## EXERCISE GOAL
Find, in the records below, the line that contains "Dalam pengecekan tersebut, Babinsa" and the line that contains "화물선은 충남 당진항으로". Copy those two lines and everything between them exactly, but not the pictures.

+---+

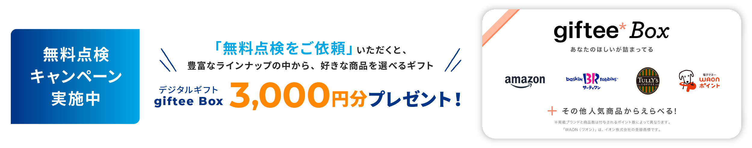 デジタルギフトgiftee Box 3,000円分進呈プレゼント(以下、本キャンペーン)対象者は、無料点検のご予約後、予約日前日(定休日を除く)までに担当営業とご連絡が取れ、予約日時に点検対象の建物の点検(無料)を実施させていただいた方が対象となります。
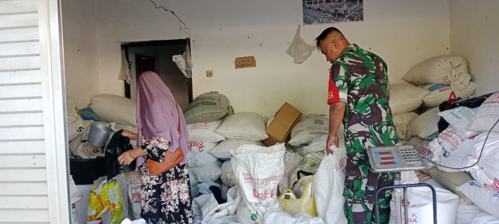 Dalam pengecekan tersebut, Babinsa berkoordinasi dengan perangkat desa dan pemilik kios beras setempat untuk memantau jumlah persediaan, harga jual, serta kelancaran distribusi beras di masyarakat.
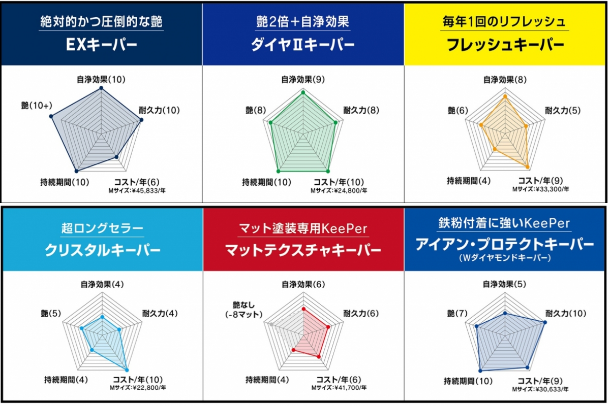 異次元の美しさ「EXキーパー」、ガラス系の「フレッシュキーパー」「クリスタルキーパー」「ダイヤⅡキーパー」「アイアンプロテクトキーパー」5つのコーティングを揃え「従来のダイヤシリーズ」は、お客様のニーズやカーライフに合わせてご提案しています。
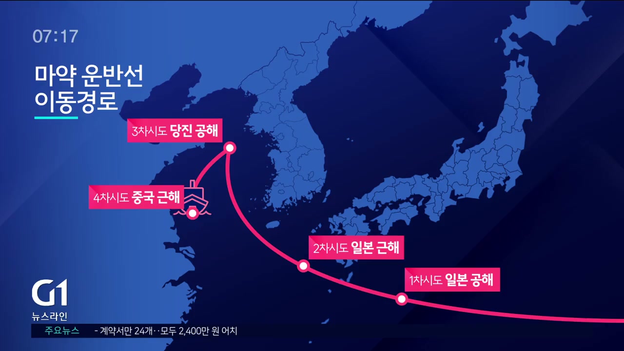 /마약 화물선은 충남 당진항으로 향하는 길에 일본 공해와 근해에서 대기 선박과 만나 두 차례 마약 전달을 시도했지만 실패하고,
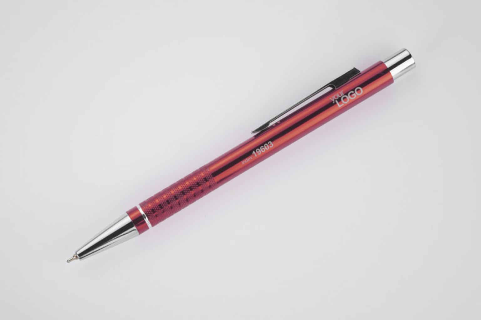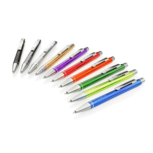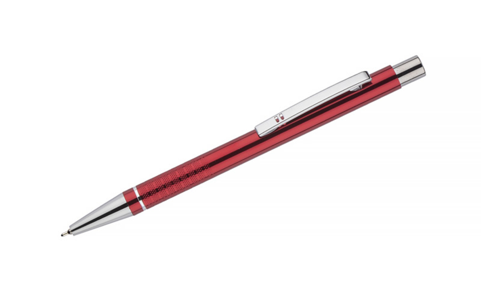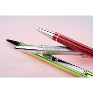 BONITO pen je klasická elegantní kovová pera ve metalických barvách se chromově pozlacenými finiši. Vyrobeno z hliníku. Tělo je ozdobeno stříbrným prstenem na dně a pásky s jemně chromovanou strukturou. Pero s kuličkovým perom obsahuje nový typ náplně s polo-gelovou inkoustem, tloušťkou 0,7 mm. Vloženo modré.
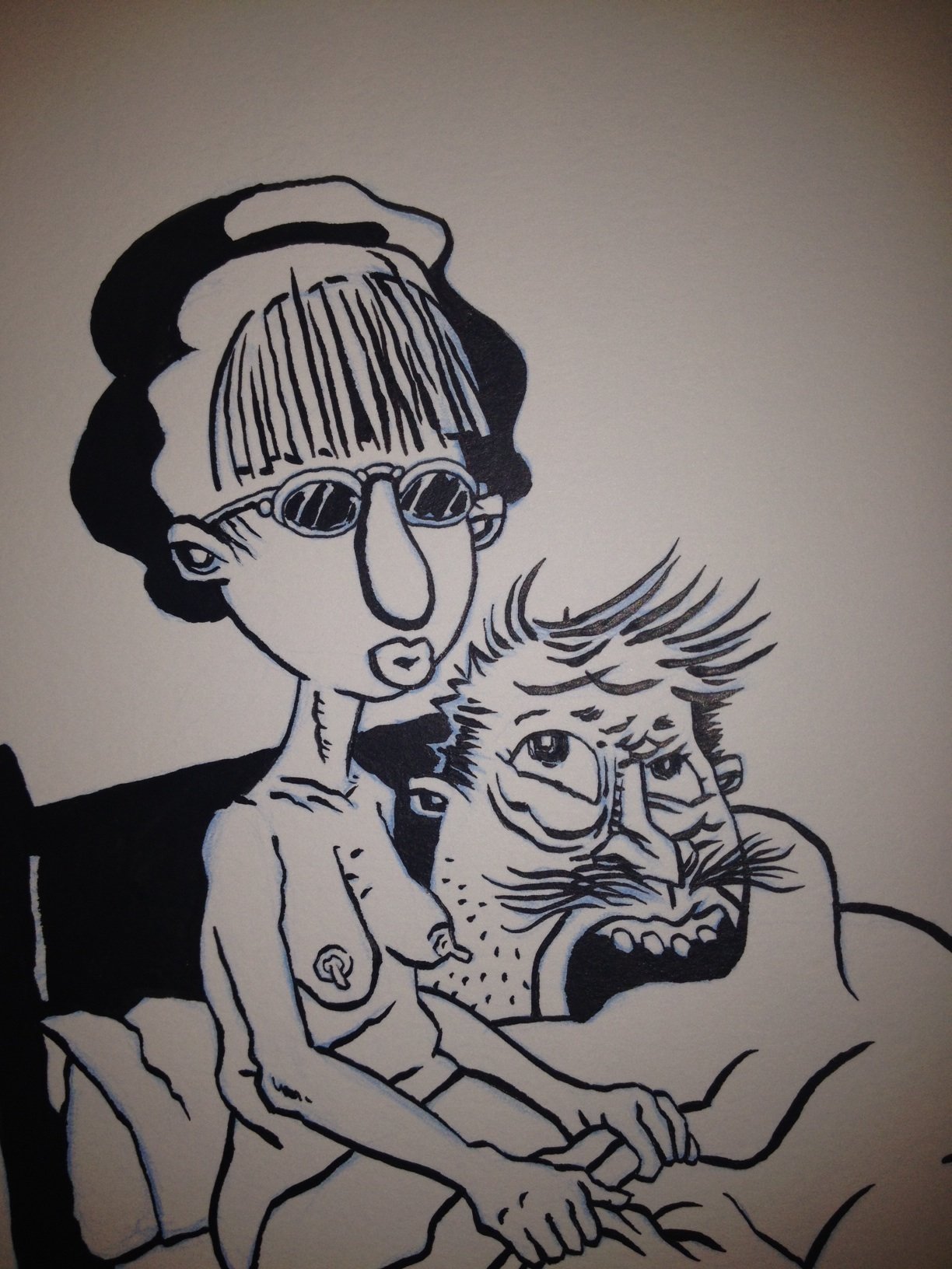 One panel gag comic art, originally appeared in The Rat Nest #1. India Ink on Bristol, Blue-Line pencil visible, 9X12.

+---+

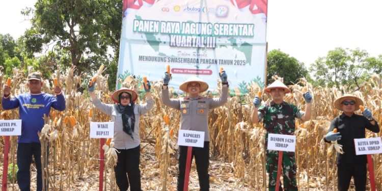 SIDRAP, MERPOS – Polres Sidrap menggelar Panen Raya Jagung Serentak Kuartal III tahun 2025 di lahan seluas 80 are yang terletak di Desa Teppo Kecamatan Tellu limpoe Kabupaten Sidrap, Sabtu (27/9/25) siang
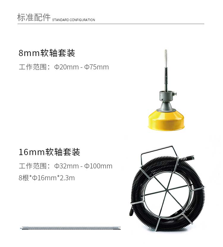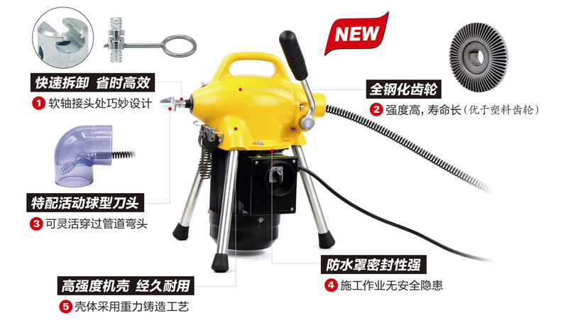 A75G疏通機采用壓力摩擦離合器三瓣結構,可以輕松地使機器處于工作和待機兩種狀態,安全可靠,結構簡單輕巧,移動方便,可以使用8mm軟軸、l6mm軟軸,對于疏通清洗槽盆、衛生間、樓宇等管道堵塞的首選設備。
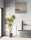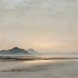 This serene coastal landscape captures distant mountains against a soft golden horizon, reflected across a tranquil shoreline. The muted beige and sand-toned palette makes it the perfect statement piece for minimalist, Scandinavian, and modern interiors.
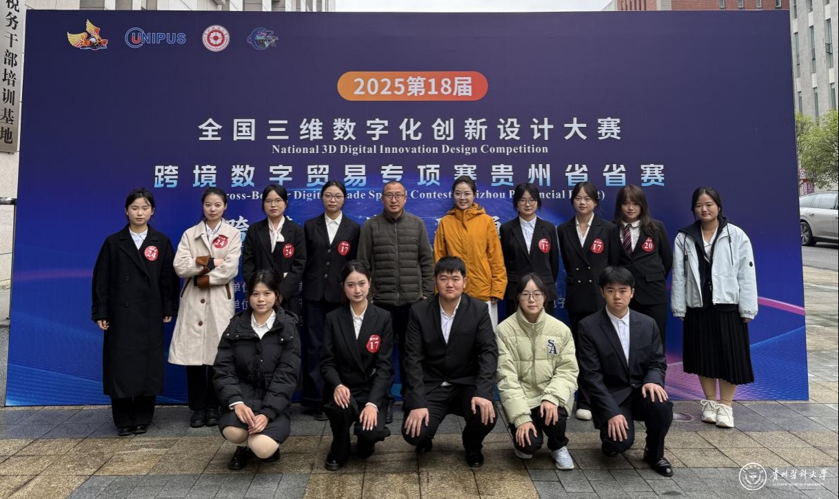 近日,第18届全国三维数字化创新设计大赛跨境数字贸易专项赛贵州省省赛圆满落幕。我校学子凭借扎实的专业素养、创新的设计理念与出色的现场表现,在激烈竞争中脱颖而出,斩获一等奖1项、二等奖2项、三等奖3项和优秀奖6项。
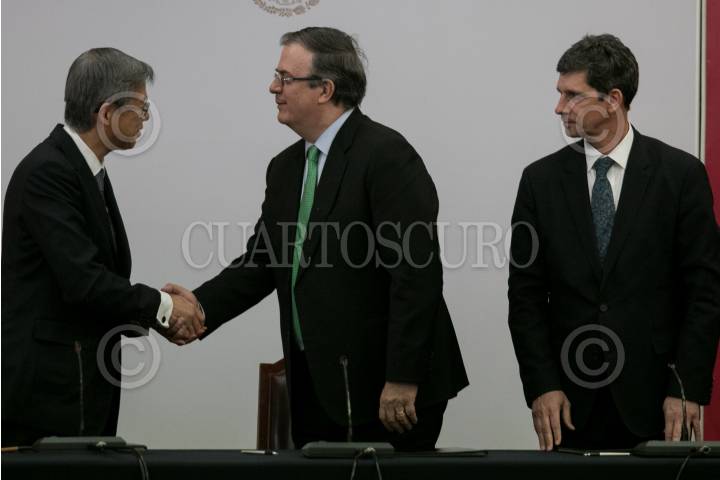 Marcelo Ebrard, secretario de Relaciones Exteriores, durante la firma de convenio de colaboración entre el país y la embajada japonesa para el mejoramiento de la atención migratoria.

+---+

## SOLUTION TO THE PROBLEM
 Dalam pengecekan tersebut, Babinsa berkoordinasi dengan perangkat desa dan pemilik kios beras setempat untuk memantau jumlah persediaan, harga jual, serta kelancaran distribusi beras di masyarakat.
 異次元の美しさ「EXキーパー」、ガラス系の「フレッシュキーパー」「クリスタルキーパー」「ダイヤⅡキーパー」「アイアンプロテクトキーパー」5つのコーティングを揃え「従来のダイヤシリーズ」は、お客様のニーズやカーライフに合わせてご提案しています。
 /마약 화물선은 충남 당진항으로 향하는 길에 일본 공해와 근해에서 대기 선박과 만나 두 차례 마약 전달을 시도했지만 실패하고,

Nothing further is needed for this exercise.